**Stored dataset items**

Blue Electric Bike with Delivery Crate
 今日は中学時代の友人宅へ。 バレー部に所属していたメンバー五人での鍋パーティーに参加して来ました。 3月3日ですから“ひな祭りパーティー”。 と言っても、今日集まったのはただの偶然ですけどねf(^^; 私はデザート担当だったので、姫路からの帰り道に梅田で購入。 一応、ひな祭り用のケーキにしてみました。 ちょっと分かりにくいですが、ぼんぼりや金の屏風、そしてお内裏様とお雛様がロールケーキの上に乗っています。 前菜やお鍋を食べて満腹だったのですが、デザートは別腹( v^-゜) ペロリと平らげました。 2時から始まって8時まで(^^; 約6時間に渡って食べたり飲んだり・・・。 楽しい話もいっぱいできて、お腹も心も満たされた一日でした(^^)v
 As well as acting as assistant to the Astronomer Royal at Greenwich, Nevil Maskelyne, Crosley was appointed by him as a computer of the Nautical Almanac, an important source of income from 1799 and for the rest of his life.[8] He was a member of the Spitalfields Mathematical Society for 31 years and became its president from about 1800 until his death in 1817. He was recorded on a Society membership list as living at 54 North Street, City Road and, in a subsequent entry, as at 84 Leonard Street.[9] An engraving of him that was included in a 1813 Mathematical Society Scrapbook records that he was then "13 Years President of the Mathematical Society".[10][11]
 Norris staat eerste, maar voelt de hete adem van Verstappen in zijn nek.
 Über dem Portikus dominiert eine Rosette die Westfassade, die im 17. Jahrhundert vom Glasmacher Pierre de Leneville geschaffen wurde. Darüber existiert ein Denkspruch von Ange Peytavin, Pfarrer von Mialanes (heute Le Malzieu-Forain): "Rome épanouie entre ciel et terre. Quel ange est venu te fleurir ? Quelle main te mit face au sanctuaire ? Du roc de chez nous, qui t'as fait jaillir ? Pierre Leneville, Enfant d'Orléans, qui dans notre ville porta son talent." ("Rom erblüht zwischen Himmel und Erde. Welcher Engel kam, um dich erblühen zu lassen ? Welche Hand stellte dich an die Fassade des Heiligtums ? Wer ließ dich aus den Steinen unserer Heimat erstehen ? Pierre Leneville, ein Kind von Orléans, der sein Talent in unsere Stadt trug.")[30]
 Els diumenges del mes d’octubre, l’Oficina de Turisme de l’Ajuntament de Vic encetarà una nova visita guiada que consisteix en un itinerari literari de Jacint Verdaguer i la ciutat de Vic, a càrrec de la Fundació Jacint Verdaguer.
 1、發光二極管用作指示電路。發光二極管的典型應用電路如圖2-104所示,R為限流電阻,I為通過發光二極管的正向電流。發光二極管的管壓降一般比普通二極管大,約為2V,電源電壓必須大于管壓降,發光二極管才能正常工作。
==
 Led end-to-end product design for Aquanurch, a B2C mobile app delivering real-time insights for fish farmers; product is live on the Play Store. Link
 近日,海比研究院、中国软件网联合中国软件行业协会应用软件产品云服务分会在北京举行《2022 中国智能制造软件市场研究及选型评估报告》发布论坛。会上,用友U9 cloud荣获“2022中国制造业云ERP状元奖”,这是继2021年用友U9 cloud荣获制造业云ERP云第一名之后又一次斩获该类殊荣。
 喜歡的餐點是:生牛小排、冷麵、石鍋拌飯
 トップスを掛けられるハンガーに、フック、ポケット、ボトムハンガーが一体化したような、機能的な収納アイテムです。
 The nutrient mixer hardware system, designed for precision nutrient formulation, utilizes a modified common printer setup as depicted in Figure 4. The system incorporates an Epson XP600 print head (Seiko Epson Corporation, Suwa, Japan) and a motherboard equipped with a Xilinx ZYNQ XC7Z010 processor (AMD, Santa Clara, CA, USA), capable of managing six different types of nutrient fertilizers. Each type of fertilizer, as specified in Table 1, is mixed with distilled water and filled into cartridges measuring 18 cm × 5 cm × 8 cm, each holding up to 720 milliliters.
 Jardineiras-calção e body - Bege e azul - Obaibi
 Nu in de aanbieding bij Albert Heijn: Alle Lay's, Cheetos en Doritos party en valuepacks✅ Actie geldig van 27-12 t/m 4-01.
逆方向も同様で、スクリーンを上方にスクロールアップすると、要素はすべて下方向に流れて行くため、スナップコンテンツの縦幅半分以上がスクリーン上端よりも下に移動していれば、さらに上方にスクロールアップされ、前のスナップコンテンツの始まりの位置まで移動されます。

**What to produce**
Please give again the lines above between the line holding "喜歡的餐點是:生牛小排、冷麵、石鍋拌飯" and the line holding "トップスを掛けられるハンガー", inclusive, exactly as they are and with nothing added.

**Written response**
 喜歡的餐點是:生牛小排、冷麵、石鍋拌飯
 トップスを掛けられるハンガーに、フック、ポケット、ボトムハンガーが一体化したような、機能的な収納アイテムです。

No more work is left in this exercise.